When the hospital is the place to go to hide the illness (draft)

Today seems to be the day where I am bombarded by conversation, readings and experiences of those who follow hiding their heartbreaks to their fellow christ followers.  Why?  Because they know they will be judged.

Miscarraiges, debt, death of children, suicide, marital struggles all neatly hidden away beneath a neat facade, or perhaps not so neat, but a facade nonetheless.  Because I wasn’t raised in the church I didn’t know that that “judge unto others because they will judge unto you” was an unspoken understanding of being in most fellowship.  I genuinely believed that if one engaged deeply in a faith community-in service, in generosity, in loyalty, supporting others, than one would in kind receive support.  As a singleton I didn’t factor the need of this as much as when I grew a family of my own.

A beloved friend lost twin daughters within weeks after their birth due to a genetically caused enzyme disfunction.  This sack cloth and ashes loss, this unthinkable grief, he mentioned to me, was met by some within the fellowship with the comment that it may be because their is sin in his life.  Leave it to the fellowship of christ to bestow the death knell of faith.

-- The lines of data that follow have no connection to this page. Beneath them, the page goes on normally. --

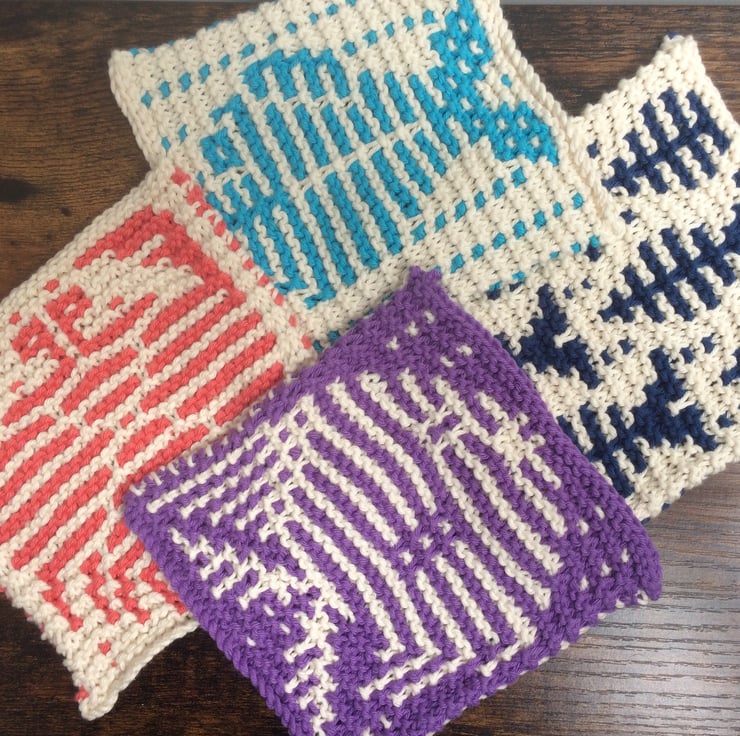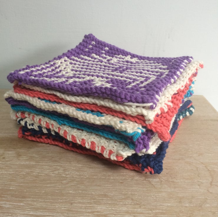Each wash cloth is knit in 2 contrasting colours of Stylecraft cotton DK classique 50 grams ( 92m 100 yards)
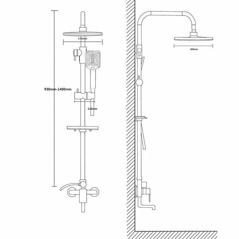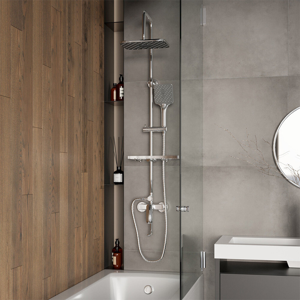| Комплектация | верхний душ / держатель лейки / дивертор / душевая штанга / излив для набора воды / лейка / набор эксцентриков / настенный держатель / отражатель / полочка / Смеситель / шланг / эксцентрик |
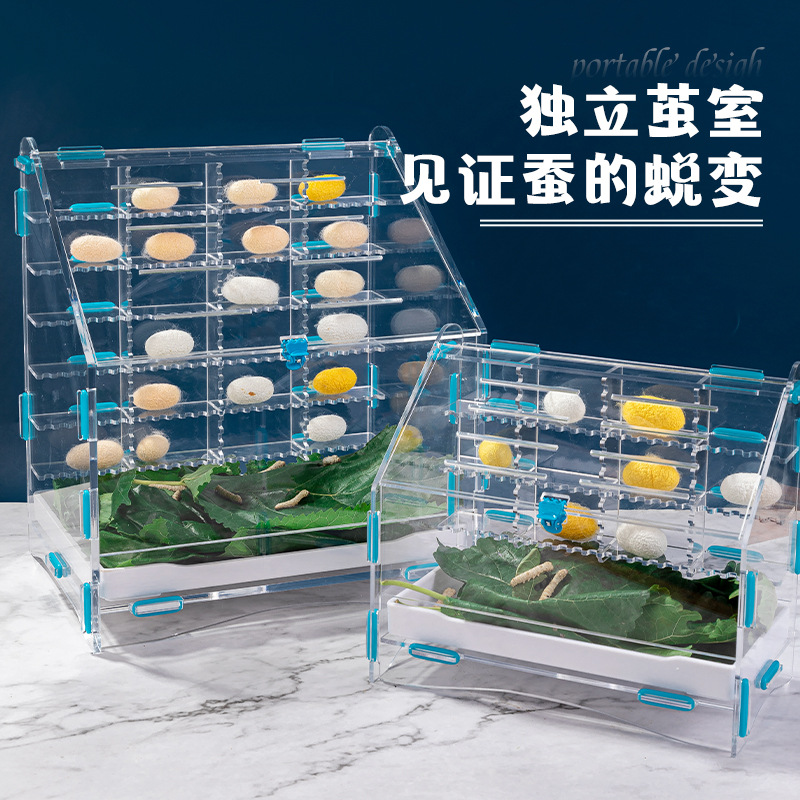 蚕宝宝别墅养蚕盒子全透明亚克力新款科普蚕套餐桑叶结茧饲养箱
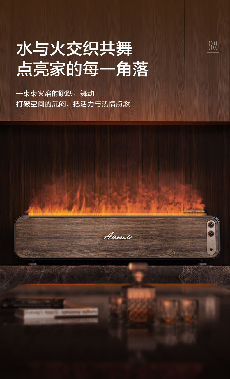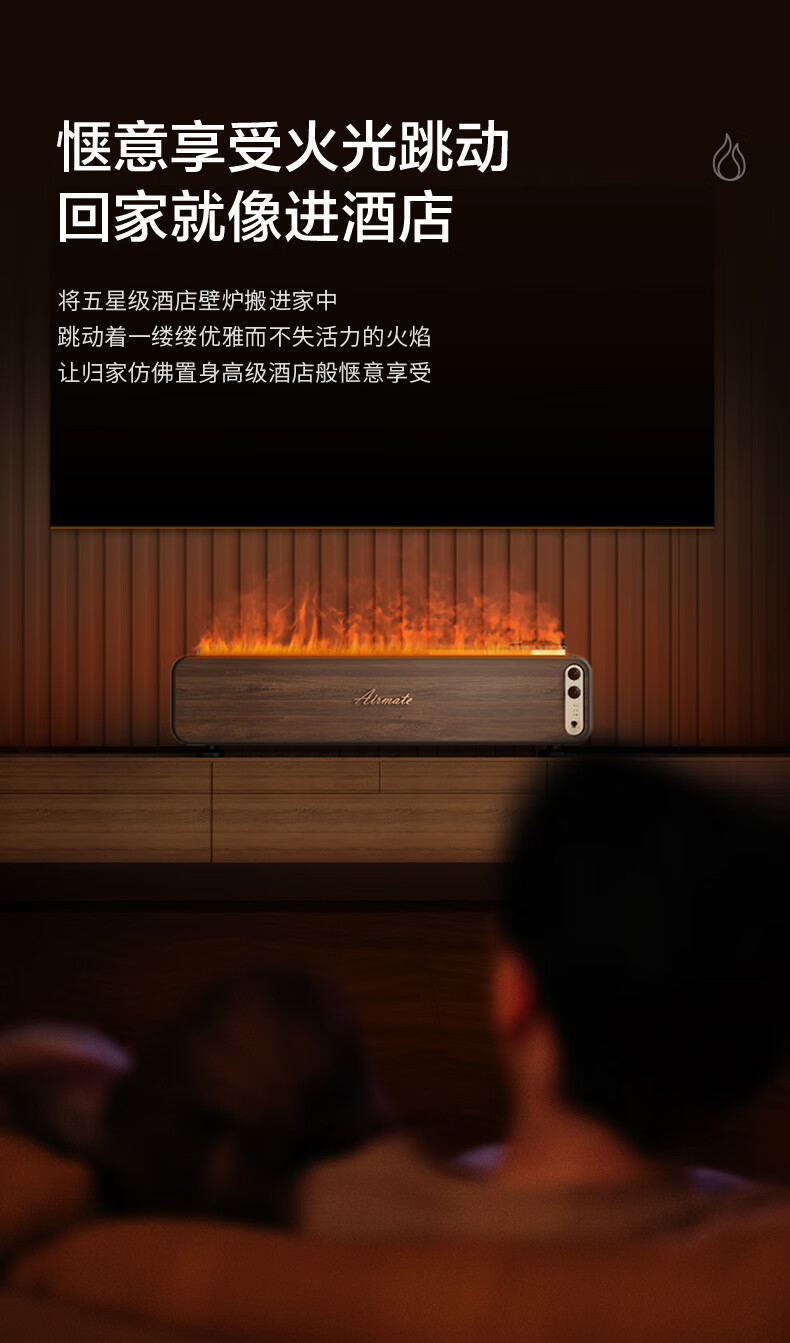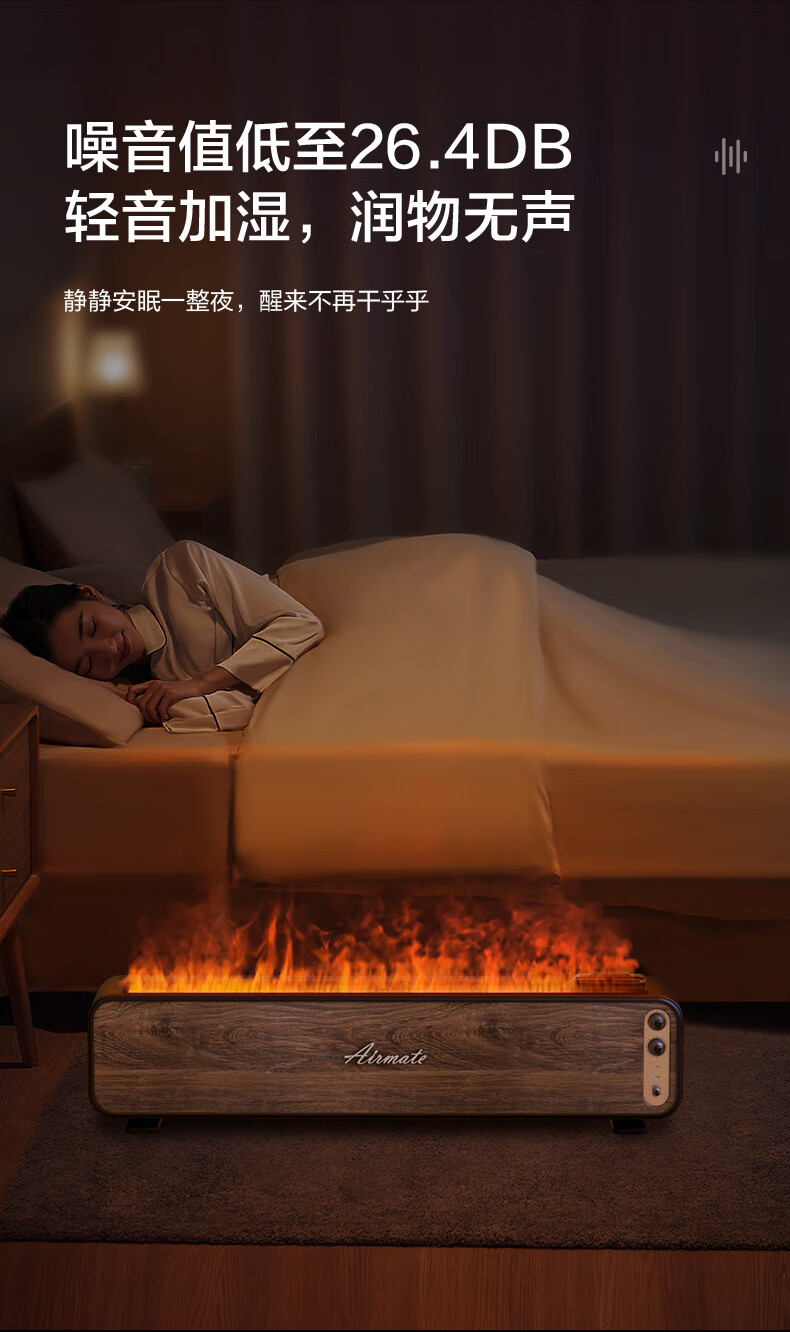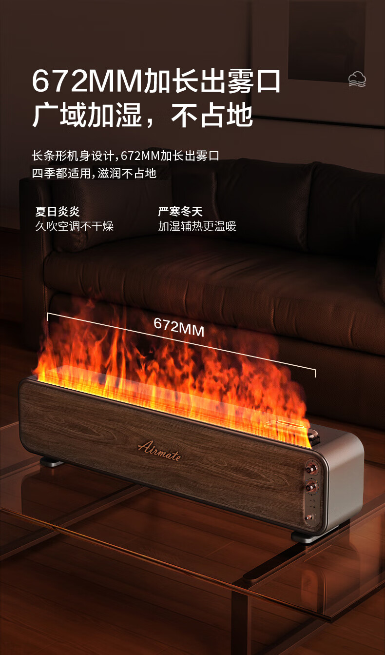 【小家电】艾美特火焰加湿器卧室家用低噪大容量仿真火负离子净化香薰壁炉空气净化加湿 LHD3001 HF
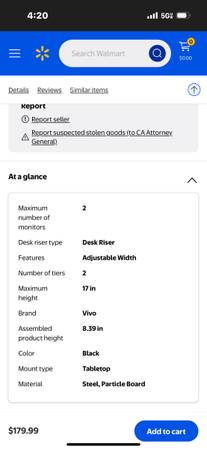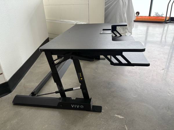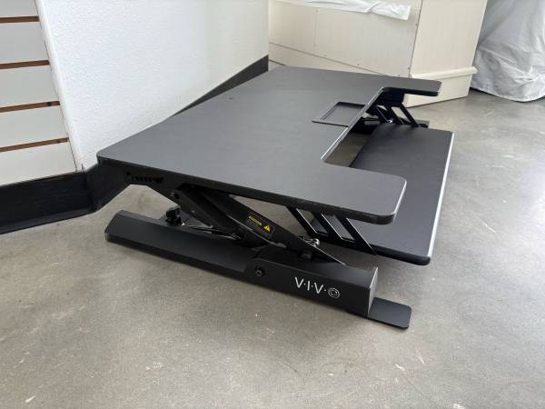 Adjustable up to 17” high. From sit to stand. 2 tiers that can hold 2 screens 36” wide. OBO

My own instance was the loss of a son by suicide, the depth of which was compounded by grieving details.  I can only shake my head at the response his sister received, that it was part of God’s perfect plan… a response not only insufficient but ineffably and pit of eternity inappropriate.  I can forgive the 14-year olds more easily than I could forgive others.

There are so many of these stories I can only imagine that these pains we inflict in places where we have sought comfort, healing and support would compose an endless litany that looked like those who are fairly content to practice their faith away from the judging eyes of others in fellowship.

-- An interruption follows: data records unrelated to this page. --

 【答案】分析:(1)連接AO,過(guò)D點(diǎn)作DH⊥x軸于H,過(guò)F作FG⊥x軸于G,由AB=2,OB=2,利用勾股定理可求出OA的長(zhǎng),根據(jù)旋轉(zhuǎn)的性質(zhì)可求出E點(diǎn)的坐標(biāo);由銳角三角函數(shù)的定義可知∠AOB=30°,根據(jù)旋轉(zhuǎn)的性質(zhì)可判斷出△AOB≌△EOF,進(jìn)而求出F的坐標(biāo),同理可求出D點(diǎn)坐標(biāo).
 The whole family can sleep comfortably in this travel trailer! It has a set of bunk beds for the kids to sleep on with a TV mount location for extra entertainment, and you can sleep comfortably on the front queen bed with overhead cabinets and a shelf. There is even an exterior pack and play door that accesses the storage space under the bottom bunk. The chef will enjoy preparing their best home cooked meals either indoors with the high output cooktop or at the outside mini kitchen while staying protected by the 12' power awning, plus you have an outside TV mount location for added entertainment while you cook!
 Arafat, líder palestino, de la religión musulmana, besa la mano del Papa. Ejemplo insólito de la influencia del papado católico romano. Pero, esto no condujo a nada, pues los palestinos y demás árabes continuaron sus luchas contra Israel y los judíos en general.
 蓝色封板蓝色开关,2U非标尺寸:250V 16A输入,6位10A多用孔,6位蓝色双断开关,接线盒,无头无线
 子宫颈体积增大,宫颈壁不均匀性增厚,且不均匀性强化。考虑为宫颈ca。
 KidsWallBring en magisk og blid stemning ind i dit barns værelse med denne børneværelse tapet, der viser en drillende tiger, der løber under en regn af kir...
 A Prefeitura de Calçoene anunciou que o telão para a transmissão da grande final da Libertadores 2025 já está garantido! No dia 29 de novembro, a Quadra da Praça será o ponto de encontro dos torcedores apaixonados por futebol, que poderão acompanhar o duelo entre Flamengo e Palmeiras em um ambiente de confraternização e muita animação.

There is a book I have not read.  It is called “They like Jesus, but not the church”.  I haven’t read it, but I feel like I already know what is inside of it.

More forward to the point is:  why?  why are our churches suffering from this?  why are those within the church not taking more seriously the bearing of each others burdens?  Why has the response to pain become judgement?  Why are people hiding their heartaches in the one place that should be where they can lay down their burdens?

I am aware I am painting with broad strokes.  I am aware that as soon as making this grand proclamation I have painted every church everywhere with the same color, and the truth is never so monochromatic.  So let’s be more specific.  I only know about churches in America.  I only know about Protestant churches.  I only know about Evangelical churches (though I am not sure I have ever fully signed up for evangelicalism).  In the interest of nuance, I am not talking about any faith community outside of American Evangelical Protestantism.

Perhaps as surely as the dying off of species in natural selection it will become clear that this species of Christian has these particular characteristics:  tendencies toward pious, unintended duplicitousness, sincerity, honoring of select populations, group think and a haven for those who want more than anything to either display or attain moral advancement.

Ouch!  did I just write those rapier words of judgement?  yes, and it felt rather gratifying, thank you.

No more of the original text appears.